Posted by: Bobby   2022-02-16 15:49  

#13  Not holding my breath.
Posted by: Angstrom   2022-02-16 14:33  

#12  Seem to remember hearing this in High School, about 2020.
Posted by: swksvolFF   2022-02-16 14:31  

#11  
#8 I'm pretty sure artic ice is not a surface you can operate a hover craft.
Posted by: The Walking Unvaxed   2022-02-16 14:09  

#10  I don't know much about hovercraft but the physics of lifting 200,000 tons seems, well, difficult.

As for a combo cargo/ice breakers, that is certainly possible but the problem is that going through ice slows the vessel down a lot. The Russians have some of the best ice breakers and they rarely go more than 7 mph in ice.
Posted by: Lord Garth   2022-02-16 14:07  

#9  
Posted by: Skidmark   2022-02-16 13:36  

#8  Could you build a hovercraft capable of carrying large amounts of cargo? Could such a beast travel safely over arctic ice?

Could you economically construct a container ship the same way they construct ice-breakers?

If the area is so valuable for shipping how come nobody is talking about alternatives?
Posted by: ruprecht   2022-02-16 13:28  

#7  Russian leaders have always dreamed of a warm water sea port. Wouldn't hold my breath though.
Posted by: Abu Uluque   2022-02-16 12:03  

#6  I love it. Al Gore would be proud. The world is gonna end in 12 years. Reset.
Posted by: 49 Pan   2022-02-16 11:56  

#5  the arctic doesn't need to be free of ice to allow late summer, early fall transit from the N Atlantic to the N Pacific

it just needs the thicker ice to stay about 30 miles or so from the continent

we've already had a few summers in which this occurred

Posted by: Lord Garth   2022-02-16 11:50  

#4  "Many Russian officials are very quick to jump on the fact that Arctic sea routes are potentially much more useful for avoiding the kind of bottlenecks that one would see in either Panama or Suez Canal," said Marc Lanteigne, associate professor of political science at the Arctic University of Norway.

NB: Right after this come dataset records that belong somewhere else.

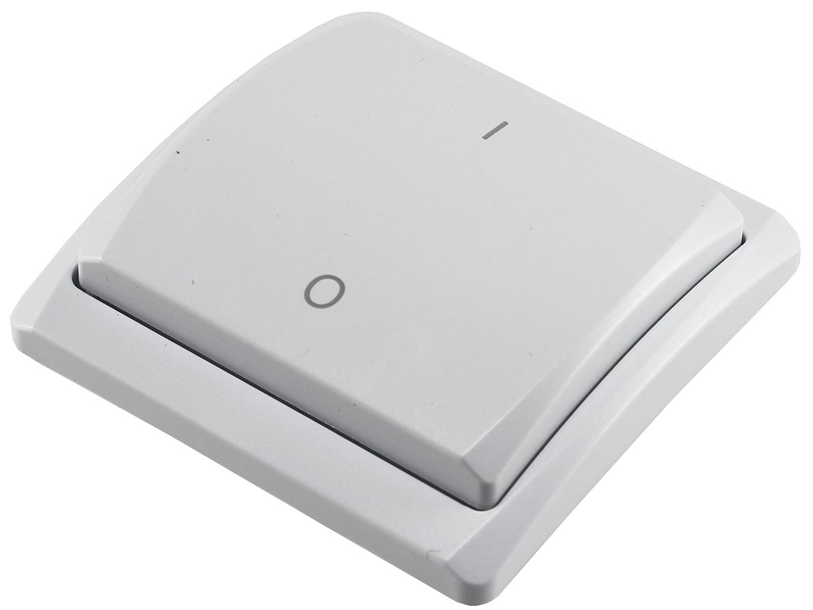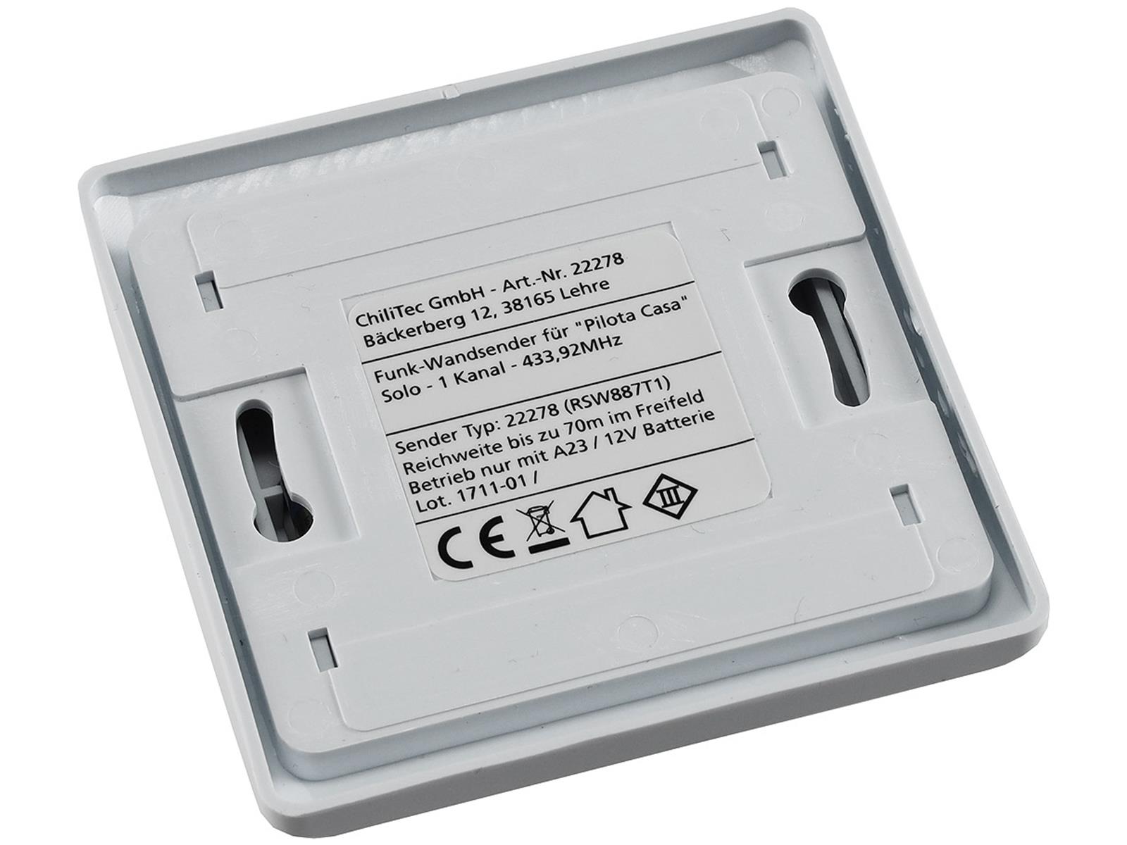 Passender 1-fach Wandsender (Funk-Schalter) für den Funk-Empfänger CT-FR1 . Es ist kein Anschluss via 230V nötig, der Schalter wird über eine A23 Batterie mit Strom versorgt.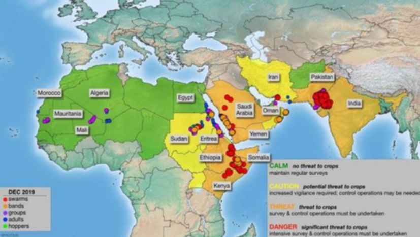 现在这群蝗虫已经“漂洋过海来看你”,入侵西亚、南亚诸国。
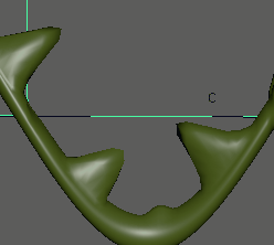 - デフォメーションは、影響を受ける頂点の中心から放射状に広がります。スパイクの付いたドラゴンの尾の場合、アタッチメント モードをフル(Full)に設定すると、デフォーマのソリッド化がスパイクの中心から開始するようになり、不適切な外観になります。ドラゴンの尾の例では、境界(Borders)を使用することをお勧めします。変形している衣服に付いているボタンなどの場合は、フル(Full)を選択すると適切に機能します。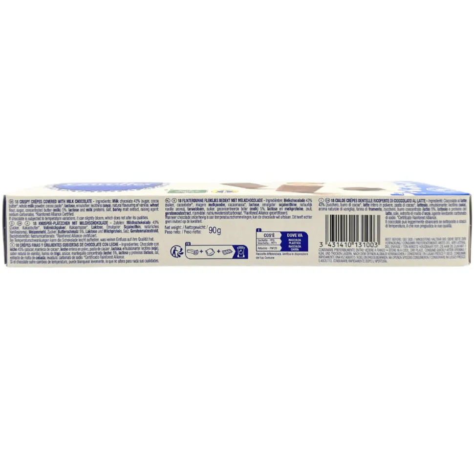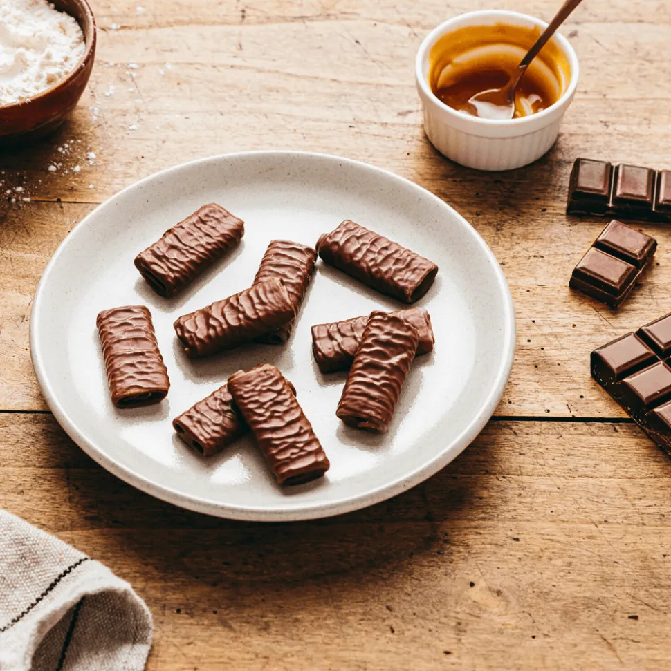 These fine French biscuits are made from folded crepes of buttery caramelised feather-light pastry – and then dipped in milk chocolate for added decadence. As the light crispness of the intricate lace-like structure of the wafers provides a delightful crunch, the chocolate melts in your mouth. These delicate treats are irresistible, whether enjoyed with a coffee, tea or ice cream. They can also add a crunchy texture to cream or pralines to elevate your desserts.

...My concern there is that if the Russians bet on this happening - and it doesn't - they're going to be pi$$ed enough to try and make it happen anyways.

Mike
Posted by: Mike Kozlowski   2022-02-16 11:39  

#3  13 more years?
Ah'm not gonna worry.
Posted by: Skidmark   2022-02-16 11:35  

#2  Aaaaaand now the pivot from the failed and dying COVIDiocy hysteria back to the gerbil worming hysteria. "Science!"
Posted by: Merrick Ferret   2022-02-16 11:09  

#1  Don't worry. As 2035 approaches and there is still lots of ice, they'll push back the date. They always do.